This proposal aims to develop a new computing paradigm to build more effective cloud computing schemes for web-scale multimedia search and learning. It considers the need for algorithmic and systematic design, and aims to break down the gap between fast searching requirement and the burden of processing high dimensional multimedia features. It is well-known that loading and computing high dimensional data are both expensive procedures. The proposed paradigm employs data summary for small trunks and uses those summaries to estimate the lower bound and upper bound for searching measures. Based on these bounds, this paradigm can filter out a lot of data samples before loading them, and thus can reduce the transmission and computation overhead. The new paradigm generalizes Google?s MapReduce computing paradigm for the task of searching high dimensional data, and fits better the applications of processing multimedia data than the general-purpose computing paradigm.

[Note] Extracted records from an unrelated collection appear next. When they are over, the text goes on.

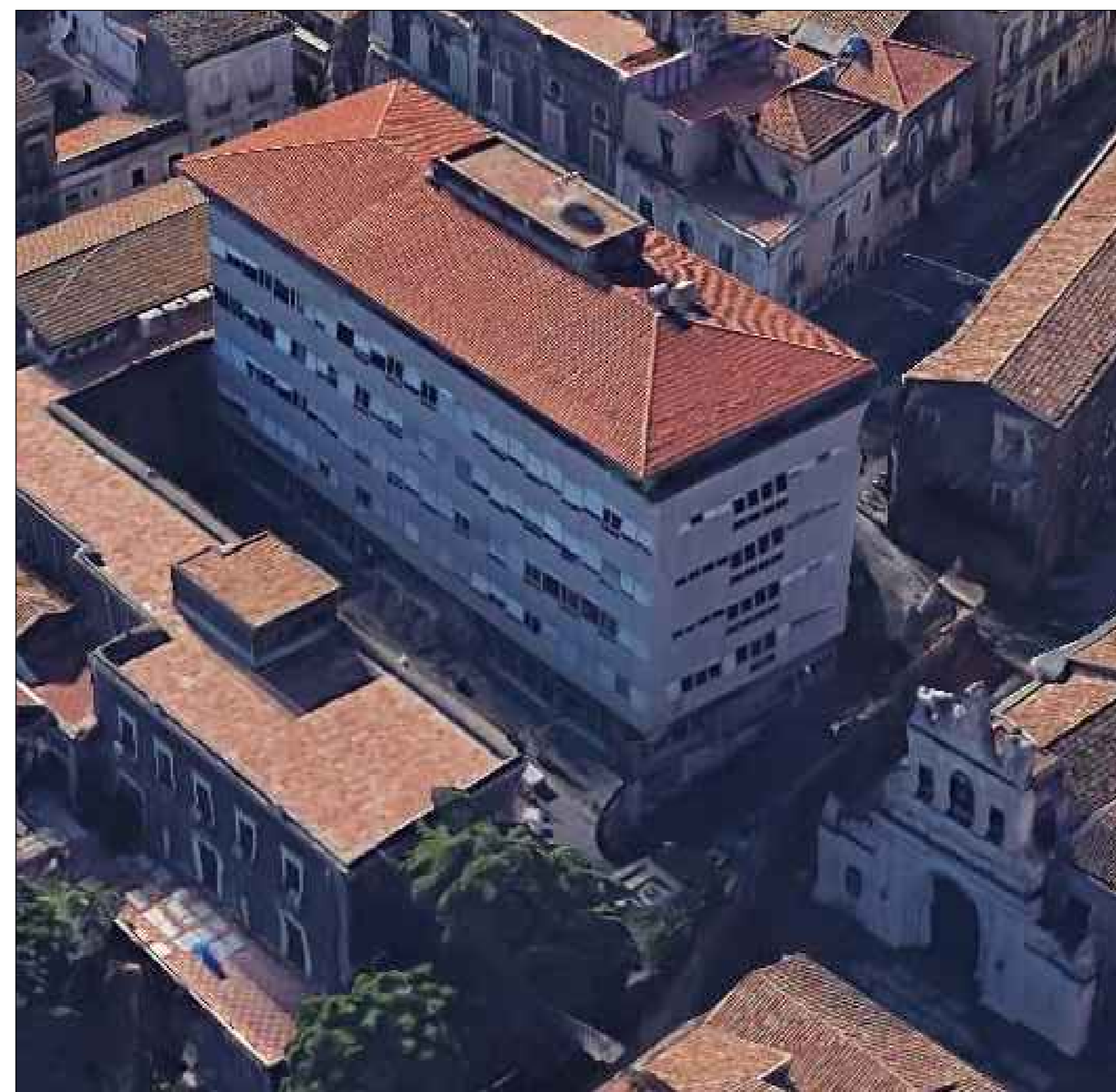
Vista prospettica dell'edificio
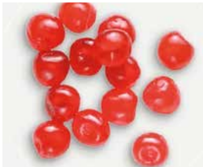
Ciliegie Candite Rosse cal.20/22 CC00029 Kg. 5
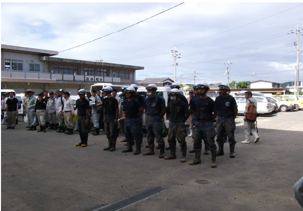
消防学校学生ボランティア（山陽小野田市）
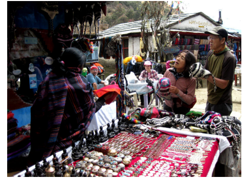
露店での品定めも楽しい
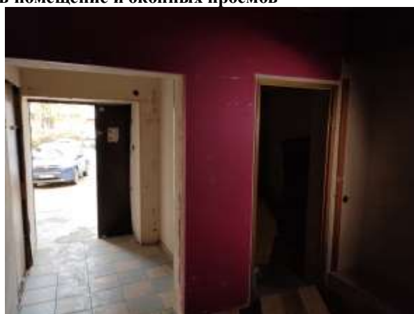
Фото 6. Доступ Объекта оценки
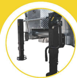
VÉRINS 25,000 LB
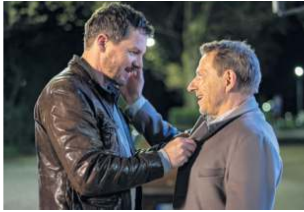
„Die Nacht der Kommissare“: Am 18. Juni wird der Stuttgart-„Tatort“ in der ARD ausgestrahlt. Rechts Thorsten Lannert (Richy Müller) und Sebastian Bootz (Felix Klare).
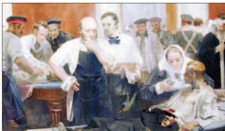
Николай Пирогов среди раненых на поле боя

Энергичный опытный врач-клиницист и диагност Сергей Боткин, официально исполнявший в 1877 г. обязанности лейб-медика, добровольно стал главным те-
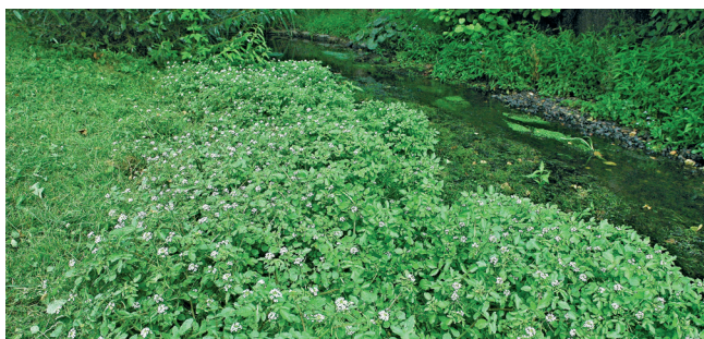
Potočnice lékařská se v náhonu v Koželužské ulici poprvé objevila v roce 2007

Bohužel se do nového seznamu invazních druhů nedostaly křídlatky. Odkud pocházejí křídlatka japonská a křídlatka sachalinská, dobře vypovídají jejich druhová jména. Do Evropy byly přivezeny jako okrasné rostliny. Jedná se o druhy, které se šíří především vegetativně rozrůstáním podzemních oddenků, a tak není divu,
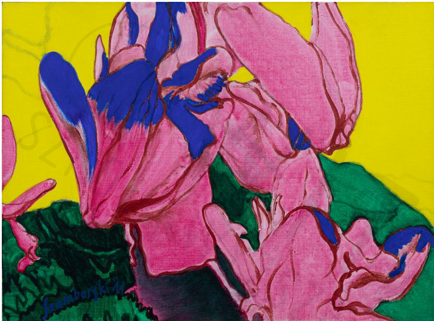
Fiołki w słońcu niebieskim (małe)
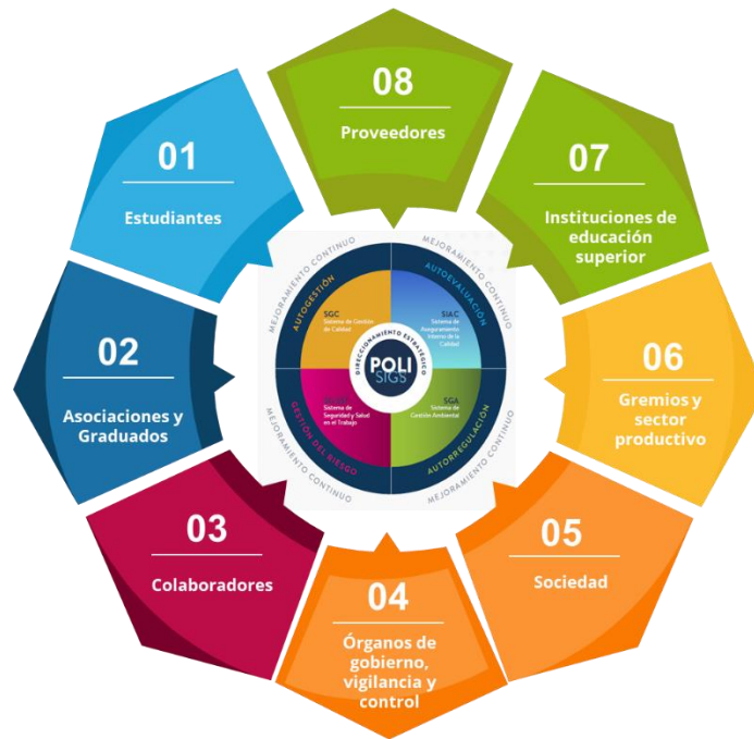
Gráfico grupos de interés.

El Politécnico Gran Colombiano, desde su política de ética y buen gobierno en su versión vigente define los siguientes grupos de interés:

The intellectual merit of this proposal is to exploit the computing resources offered by cloud computing and to develop novel algorithms to perform the multimedia data search in a distributed and efficient manner. The PI?s ambition of making cloud computing suitable for high-dimensional numerical data, if successful, will revolutionize the future of cloud computing, and have a tremendous impact on society at large. The challenges of the problems and its potential payoff and impact, if successful, make this proposal ideally suited for the EAGER program.

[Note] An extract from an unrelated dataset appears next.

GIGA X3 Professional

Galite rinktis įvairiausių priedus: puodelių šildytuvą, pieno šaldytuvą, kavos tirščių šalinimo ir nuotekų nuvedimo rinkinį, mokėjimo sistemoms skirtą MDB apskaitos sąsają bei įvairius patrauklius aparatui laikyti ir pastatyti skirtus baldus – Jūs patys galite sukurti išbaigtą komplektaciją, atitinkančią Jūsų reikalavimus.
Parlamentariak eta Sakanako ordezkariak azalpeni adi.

The goal of this project is to develop new computing paradigm for next generation multimedia searching. The problem of efficiently searching multimedia document has posed a serious challenge for large scale datasets in the past five years, mainly due to the difficulties in processing high dimensional numerical features. The outcome of our research includes: We developed a novel large scale visual recognition system and was ranked 1st in the Image-net challenge (www.image-net.org/challenges/LSVRC/2010/), the largest image classification competition. Our method works well and obtains 52.9% classification accuracy and 71.8% top-5 hitting rate for millions of images with one thousand categories. We proposed a new large scale image indexing method which could retrieve billion scale image dataset in less than 30 microseconds. We also consider the problem of measuring "similarity" of objects in large graph and social networks. We aim explore the rich resource of the network structure. Intuitively, in a movie sharing network, a video might be interesting to a user if he likes another movie that is similar. In this work, we aim to design an efficient algorithm named Delta-SimRank on distributed computing system. In the best case, we get up to 30 times speed-up compared on distributed MapReduce system. Our research can be used for the task of geographical image understanding. We study millions of personal photos in Flickr, which are associated with user tags and geographical information. We consider two interesting applications of mining geographical image database: first we can recommend tourism trajectory based on geo-tagged photos. Second we can discovery geographical topics, by combining geographical clustering and text topic mining into one framework. Our method can be used to compare the distribution of different topics including food, landscape, and products.